We take a screenshot of a daughter and a son trying to cry at the foot of their maker.

“I’m sorry, mom. Mom, I’m sorry”

Jasmine starts undressing. Shoes, jeans, tank top, bra. My sister is naked in front of me. My mother is dressed and dead. She sticks her hand in the water, and cups it, palm by palm into her hair.

I am watching far away.

//

“I’m sorry you saw that Janus.”

“Shh, come here” I wrap my dripping sister in a towel, like a delivered infant. She gets dressed. I walk her to her car. The car pulls away— two cigarettes burn my sister out.

I’m with my dead mother in the bathroom, and she’s still dead. She looks like she died a little more when we left. There is a door in front of my heart, barely open at all. Quietly, I feel it shut.

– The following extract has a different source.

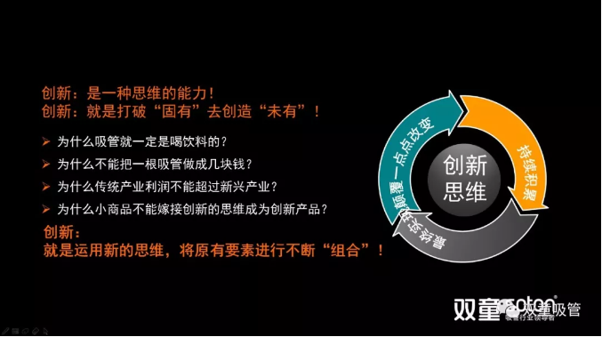 現(xiàn)在,不少人動不動就喊要創(chuàng)新,但是到底什么是創(chuàng)新?我一直理解創(chuàng)新工作的本質(zhì)在于“思維創(chuàng)新”,就是運(yùn)用新的思維,將原有要素進(jìn)行不斷“組合”,打破“固有”創(chuàng)造“未有”。只有用創(chuàng)新思維去做產(chǎn)品、做事業(yè),才能改變自己乃至于整個(gè)企業(yè)的命運(yùn)!

I take a screen shot of a boy, alone, with his beginning and his end.

I know what I am doing, when I take the phone from my mother’s pocket. I know the price of entering is to lose my way back. I know His promise, that He will hollow me through, like a flute, but I want His wind, His music. I want to be the hole into which He sings His name. So, I do not wait for Him to find me. I don’t run from what I have become.

You want to know why I am trying to die this way. I want to ask you the same thing.

When I get home, I close the windows, and light three candles. I place my mother’s phone on the table, but I know that I’m the lamb.

I enter the password, my father’s birthdate, and I am afraid.

I am afraid for the first time in years, and I miss what it means to have fear.